Sea to Shining Sea: The Great Outdoors Bucket List
by Ian (Awesome Escape Blogger)
Oct 15, 2015

From sea to shining sea, America is home to some of the most beautiful places on Earth. We’re proud of the rugged natural beauty that can be found in every corner of North America, from the majesty of the Grand Canyon to the haunting coast of New England. Everyone should experience the wonder of nature in their lifetime. So whether you’re an experienced adventurer or just looking for your first big trip we have some awesome outdoor escapes ready for your bucket list!

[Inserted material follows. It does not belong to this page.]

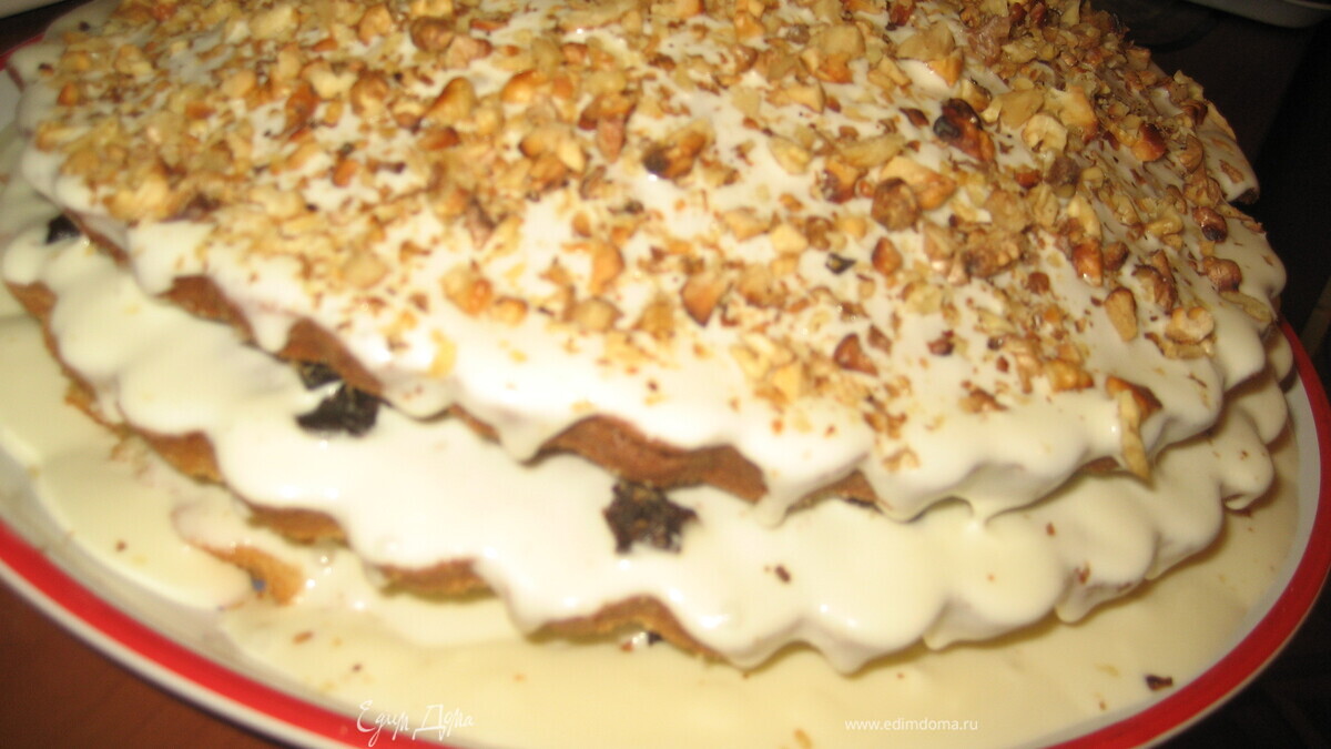 - Шаг 3Смазываем корж кремом, можно добавлять чернослив/абрикосы/орехи.

1. Rafting the Grand Canyon

The Grand Canyon is one of the greatest natural wonders in the world. When you stand at the top of the canyon, you can feel the unimaginable power of time, water, and wind! Better yet you don’t feel small, though, you feel like you’re part of something amazing! And the best way to experience the majesty of the Grand Canyon is rafting down the Colorado River. Most people only ever get to see one small part of the canyon, and that’s great, but what if you want to see all of it? The Grand Canyon is 277 miles long, up to 18 miles wide, and is over 6,000 feet deep. It’s so big that there are different environments in the canyon from the snow on the upper heights to the desert on the lower slopes. At the bottom, there are marshes, sandy beaches, and narrow canyons with mighty rapids.

Find a tour group that caters to your level of experience. You can raft the whole canyon in 2 weeks by paddle or 1 week in motorboats, or travel just a part in just a few days. We recommend a longer trip because you can take your time on the powerful Colorado River, taking breaks to explore brilliant green side channels, calmer and warmer than the river itself. Take a swim in the warm waters, leave the boats for hiking trips up the ancient slopes, camp on the beaches in the evenings. Prepare yourself for the thunder of ‘The Big Ones’—the whitewater rapids that will leave you breathless and exhilarated. Everyone should see the Grand Canyon and be refreshed by the pure power of 17 million years of stone and water.